--- START ---

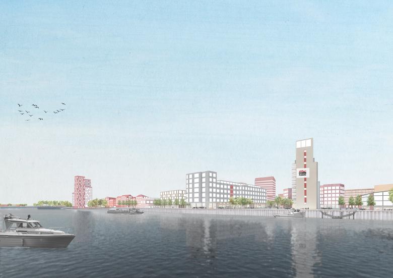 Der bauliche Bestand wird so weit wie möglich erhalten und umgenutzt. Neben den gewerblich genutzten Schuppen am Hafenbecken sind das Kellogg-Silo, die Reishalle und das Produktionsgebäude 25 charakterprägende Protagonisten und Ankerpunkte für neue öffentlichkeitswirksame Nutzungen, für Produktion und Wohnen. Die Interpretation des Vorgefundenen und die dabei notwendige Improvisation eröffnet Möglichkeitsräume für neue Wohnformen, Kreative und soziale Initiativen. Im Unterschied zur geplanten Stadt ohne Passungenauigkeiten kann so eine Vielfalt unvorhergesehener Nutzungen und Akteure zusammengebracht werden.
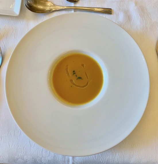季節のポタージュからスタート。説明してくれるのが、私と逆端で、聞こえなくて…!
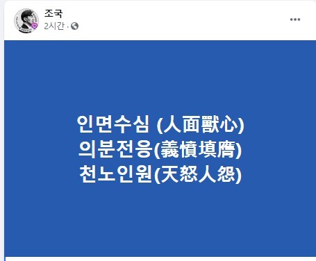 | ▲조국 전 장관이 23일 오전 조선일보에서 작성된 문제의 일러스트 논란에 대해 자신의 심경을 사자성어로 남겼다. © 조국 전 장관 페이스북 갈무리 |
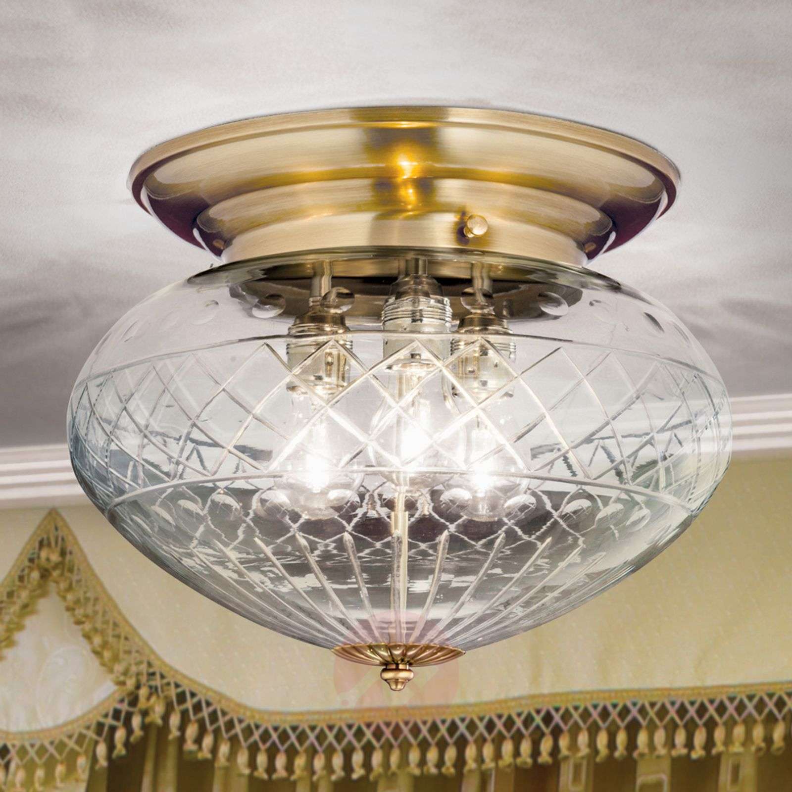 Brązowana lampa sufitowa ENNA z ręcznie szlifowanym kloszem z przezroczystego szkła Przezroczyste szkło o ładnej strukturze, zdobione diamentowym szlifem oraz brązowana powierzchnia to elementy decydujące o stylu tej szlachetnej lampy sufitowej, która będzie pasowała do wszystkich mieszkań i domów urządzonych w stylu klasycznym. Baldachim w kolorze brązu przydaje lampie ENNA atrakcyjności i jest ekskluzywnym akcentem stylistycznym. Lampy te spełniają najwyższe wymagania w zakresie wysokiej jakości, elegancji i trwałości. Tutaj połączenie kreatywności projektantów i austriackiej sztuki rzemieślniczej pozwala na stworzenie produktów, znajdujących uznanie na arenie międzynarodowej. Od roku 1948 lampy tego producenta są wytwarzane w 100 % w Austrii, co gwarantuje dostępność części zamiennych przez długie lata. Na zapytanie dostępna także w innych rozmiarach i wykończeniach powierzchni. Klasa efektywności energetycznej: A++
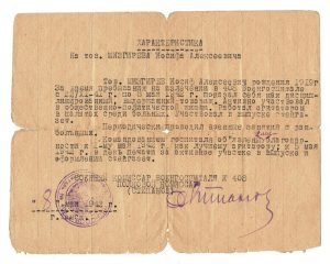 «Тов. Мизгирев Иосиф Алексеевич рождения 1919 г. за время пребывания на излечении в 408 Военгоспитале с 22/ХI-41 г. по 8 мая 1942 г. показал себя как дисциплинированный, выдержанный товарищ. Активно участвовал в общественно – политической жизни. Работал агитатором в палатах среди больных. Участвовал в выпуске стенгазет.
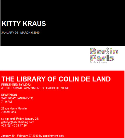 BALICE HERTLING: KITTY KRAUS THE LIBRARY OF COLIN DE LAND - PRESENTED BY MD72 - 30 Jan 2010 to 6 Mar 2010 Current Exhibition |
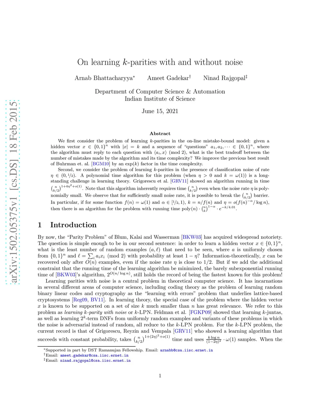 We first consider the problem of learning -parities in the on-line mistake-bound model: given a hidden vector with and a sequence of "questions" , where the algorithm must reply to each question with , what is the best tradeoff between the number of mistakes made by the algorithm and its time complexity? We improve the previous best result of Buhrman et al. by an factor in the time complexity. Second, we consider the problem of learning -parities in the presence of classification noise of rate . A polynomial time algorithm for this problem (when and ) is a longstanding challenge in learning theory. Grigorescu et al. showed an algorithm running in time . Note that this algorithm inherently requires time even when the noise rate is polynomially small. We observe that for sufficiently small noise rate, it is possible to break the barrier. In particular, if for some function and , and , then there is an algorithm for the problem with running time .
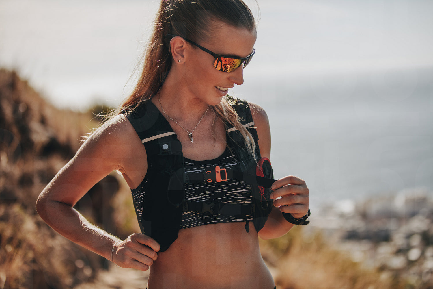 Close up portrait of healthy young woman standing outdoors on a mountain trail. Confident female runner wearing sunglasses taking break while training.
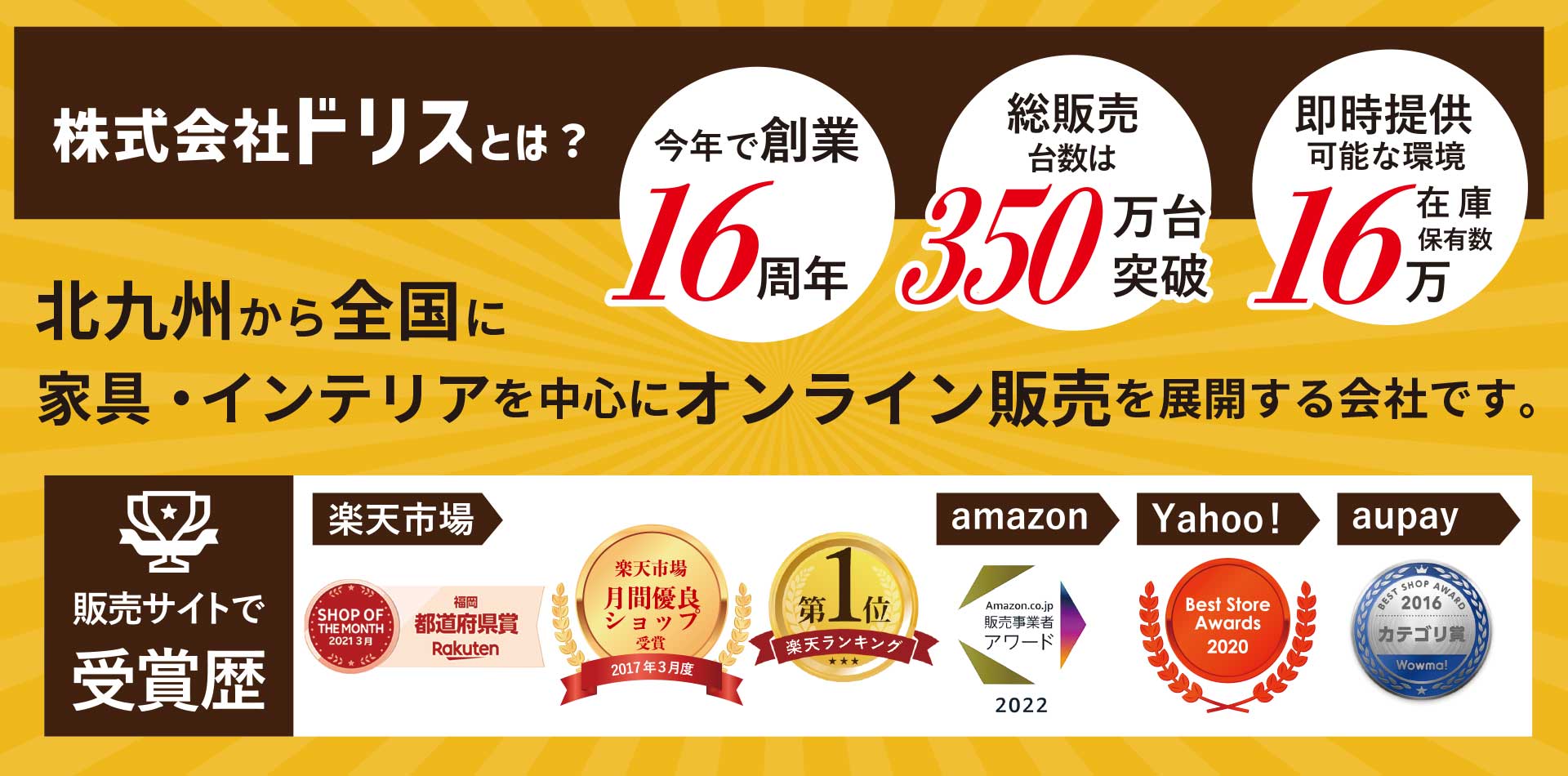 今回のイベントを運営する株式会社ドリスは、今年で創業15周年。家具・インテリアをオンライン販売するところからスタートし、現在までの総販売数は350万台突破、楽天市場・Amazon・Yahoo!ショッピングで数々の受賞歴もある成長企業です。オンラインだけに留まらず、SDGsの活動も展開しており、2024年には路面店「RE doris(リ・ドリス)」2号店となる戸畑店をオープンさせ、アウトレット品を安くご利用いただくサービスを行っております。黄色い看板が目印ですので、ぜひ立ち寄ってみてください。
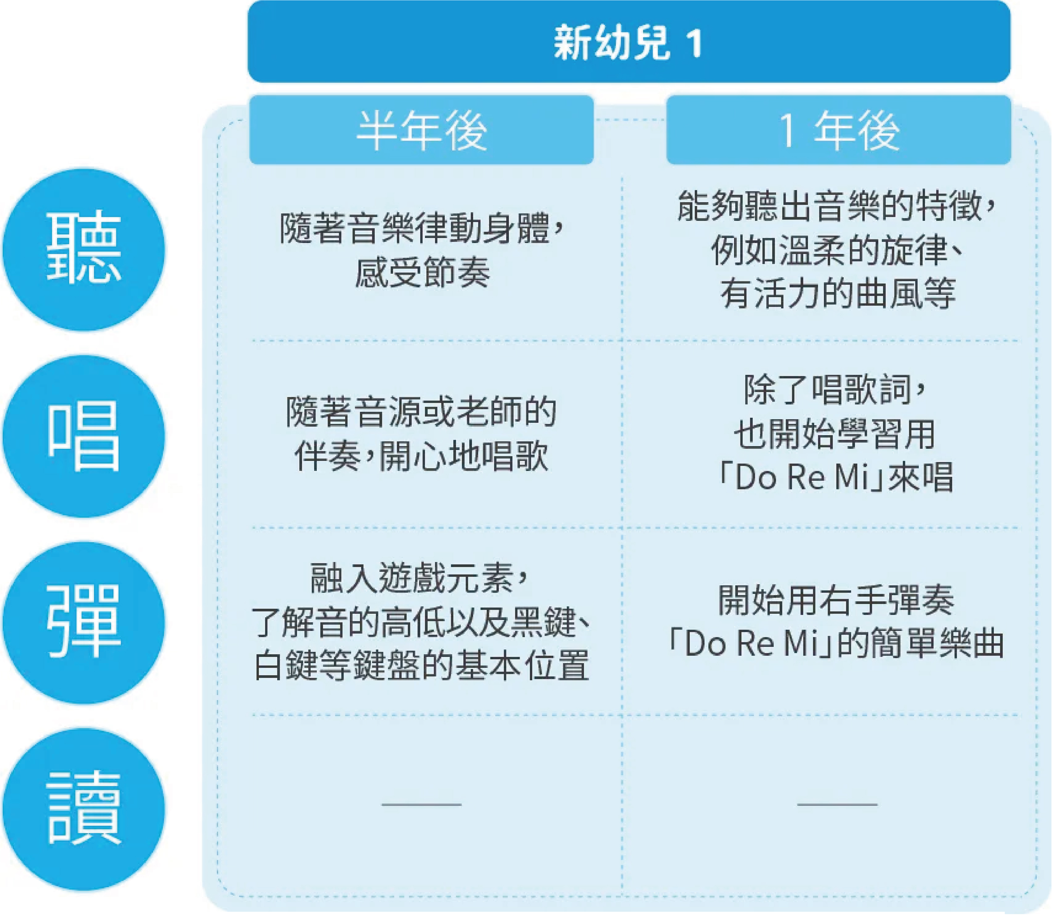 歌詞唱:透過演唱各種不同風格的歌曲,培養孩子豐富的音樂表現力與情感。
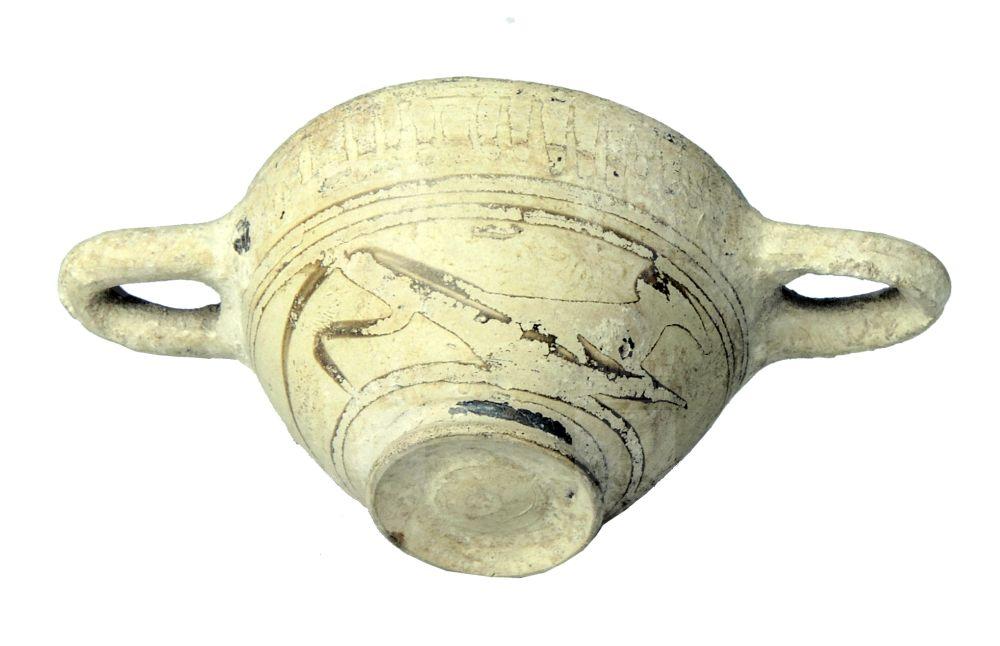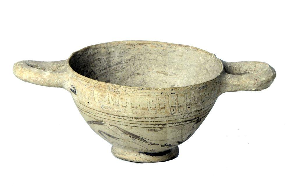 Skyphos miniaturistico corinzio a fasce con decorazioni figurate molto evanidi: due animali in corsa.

--- END ---

§ Your task: Please leave out the pictures as you reproduce the lines exactly, from the first line of the entries through the line containing "장관 페이스북 갈무리 |".

§ Reply:
 Der bauliche Bestand wird so weit wie möglich erhalten und umgenutzt. Neben den gewerblich genutzten Schuppen am Hafenbecken sind das Kellogg-Silo, die Reishalle und das Produktionsgebäude 25 charakterprägende Protagonisten und Ankerpunkte für neue öffentlichkeitswirksame Nutzungen, für Produktion und Wohnen. Die Interpretation des Vorgefundenen und die dabei notwendige Improvisation eröffnet Möglichkeitsräume für neue Wohnformen, Kreative und soziale Initiativen. Im Unterschied zur geplanten Stadt ohne Passungenauigkeiten kann so eine Vielfalt unvorhergesehener Nutzungen und Akteure zusammengebracht werden.
季節のポタージュからスタート。説明してくれるのが、私と逆端で、聞こえなくて…!
 | ▲조국 전 장관이 23일 오전 조선일보에서 작성된 문제의 일러스트 논란에 대해 자신의 심경을 사자성어로 남겼다. © 조국 전 장관 페이스북 갈무리 |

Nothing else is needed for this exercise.